* _DATASET EXCERPTS_
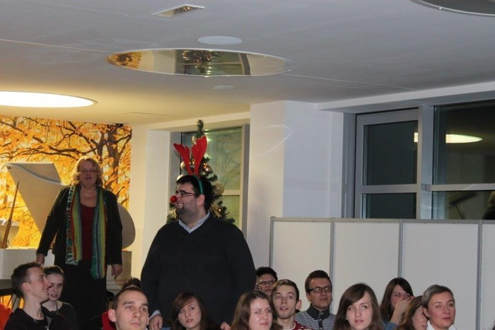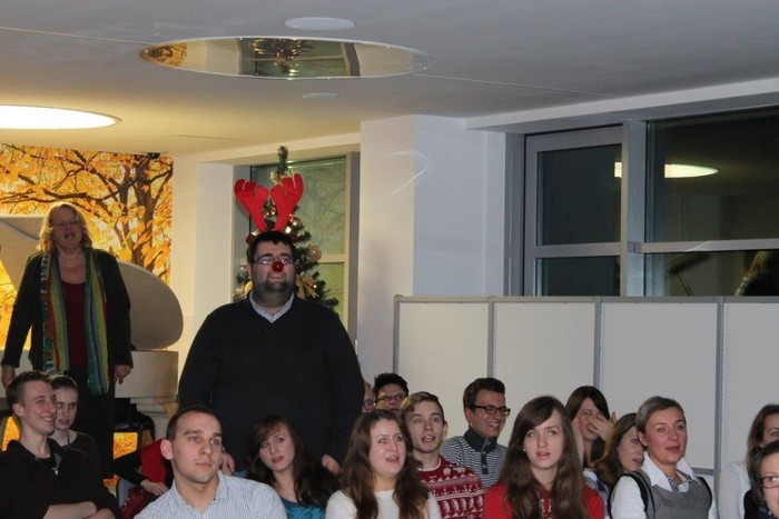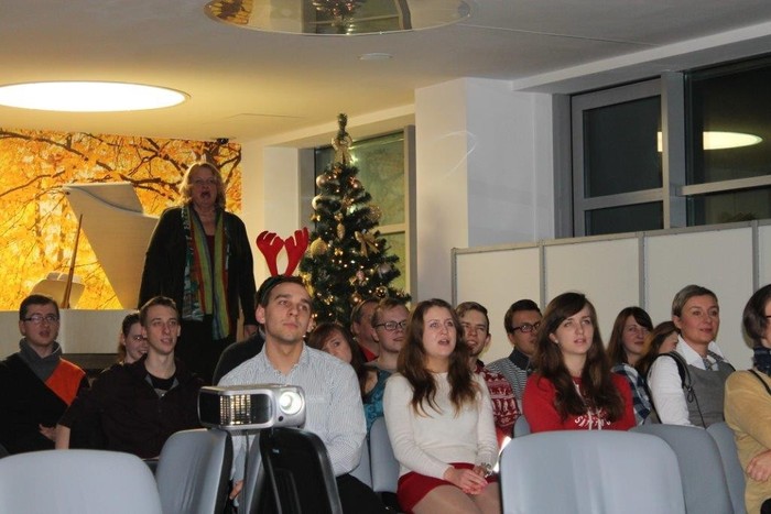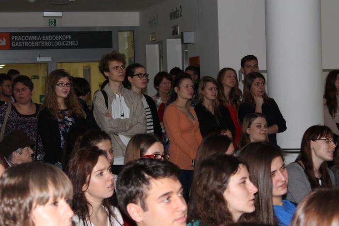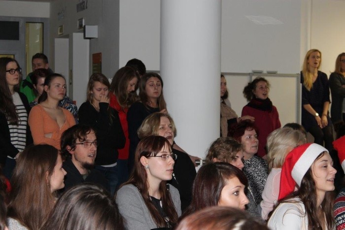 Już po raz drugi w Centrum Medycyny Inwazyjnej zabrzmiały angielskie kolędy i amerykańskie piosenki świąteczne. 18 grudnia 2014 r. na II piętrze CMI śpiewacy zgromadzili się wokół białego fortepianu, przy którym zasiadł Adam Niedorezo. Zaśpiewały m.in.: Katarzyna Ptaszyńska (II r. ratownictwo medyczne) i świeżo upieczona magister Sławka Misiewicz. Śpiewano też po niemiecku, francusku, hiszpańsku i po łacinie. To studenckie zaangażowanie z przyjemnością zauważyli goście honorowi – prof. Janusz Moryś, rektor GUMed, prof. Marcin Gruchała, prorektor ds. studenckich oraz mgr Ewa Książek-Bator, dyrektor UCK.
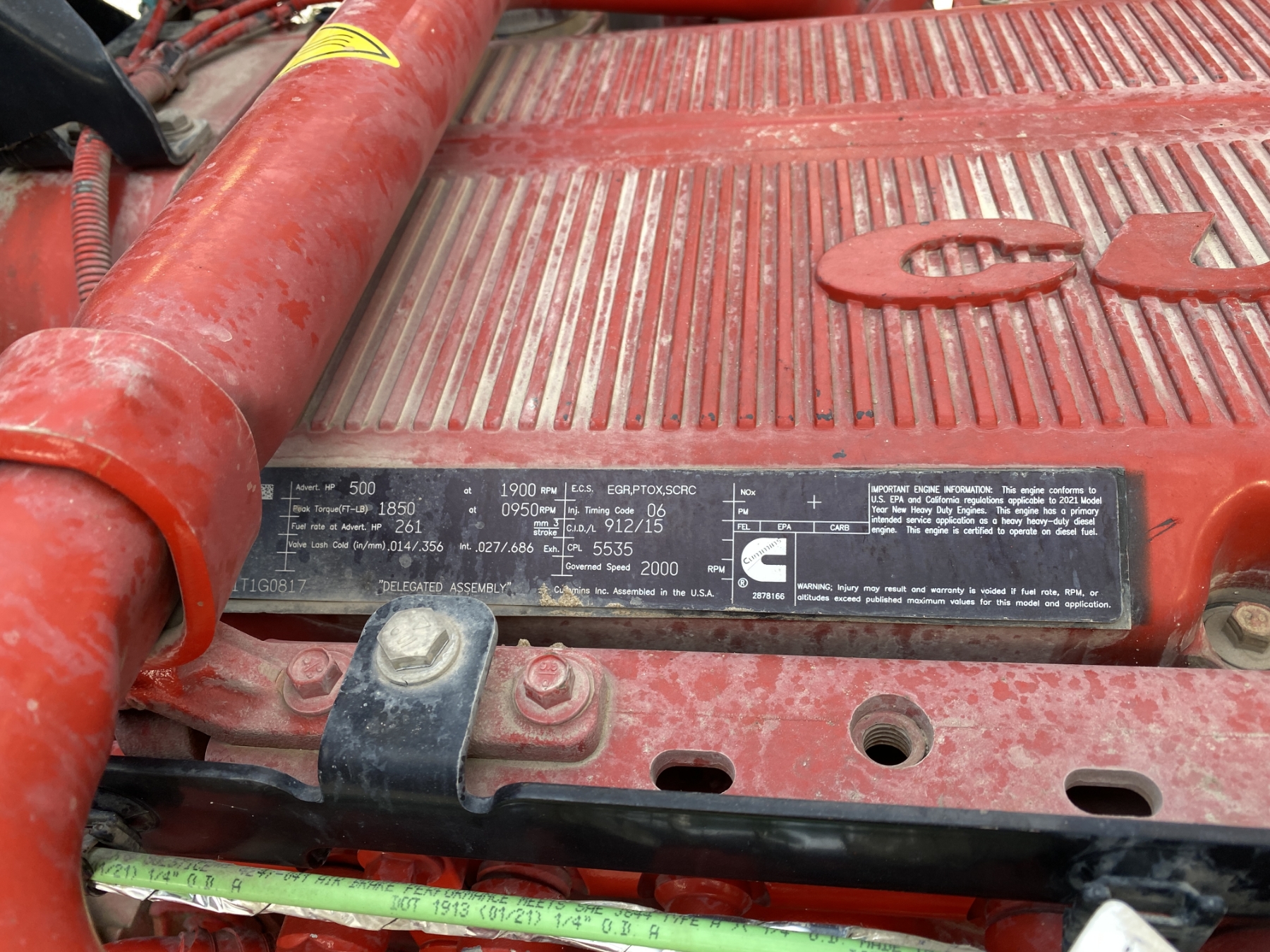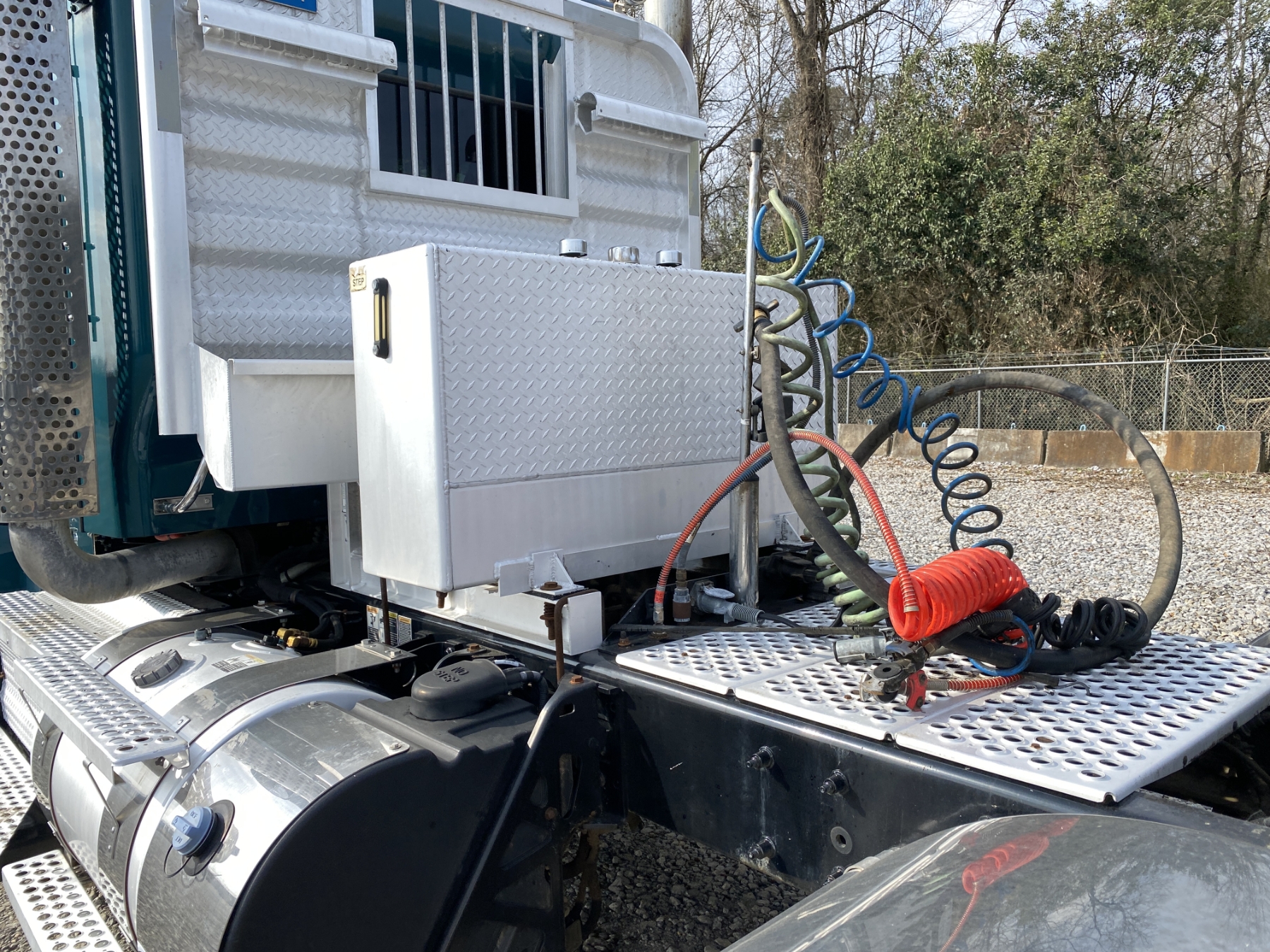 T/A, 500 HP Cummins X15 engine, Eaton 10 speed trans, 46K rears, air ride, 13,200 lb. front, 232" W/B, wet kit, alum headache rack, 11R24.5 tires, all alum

--

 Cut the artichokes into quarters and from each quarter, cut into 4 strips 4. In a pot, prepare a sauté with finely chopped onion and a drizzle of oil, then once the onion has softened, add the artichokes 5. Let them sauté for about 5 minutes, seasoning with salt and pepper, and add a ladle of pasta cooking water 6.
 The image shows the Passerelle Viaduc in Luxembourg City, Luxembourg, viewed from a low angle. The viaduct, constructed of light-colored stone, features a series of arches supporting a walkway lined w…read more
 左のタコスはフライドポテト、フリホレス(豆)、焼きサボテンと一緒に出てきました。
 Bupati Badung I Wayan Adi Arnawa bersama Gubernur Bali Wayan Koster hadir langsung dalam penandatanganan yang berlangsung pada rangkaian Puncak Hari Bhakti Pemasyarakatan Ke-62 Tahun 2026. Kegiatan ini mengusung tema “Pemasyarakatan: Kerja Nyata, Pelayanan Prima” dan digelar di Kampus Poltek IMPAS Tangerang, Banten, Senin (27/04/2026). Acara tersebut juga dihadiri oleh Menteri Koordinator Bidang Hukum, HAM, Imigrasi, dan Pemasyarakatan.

* _PROBLEM REQUIREMENTS_
Say how many lines in the data above contain the string "from", and give no other output.

* _REPLY_
2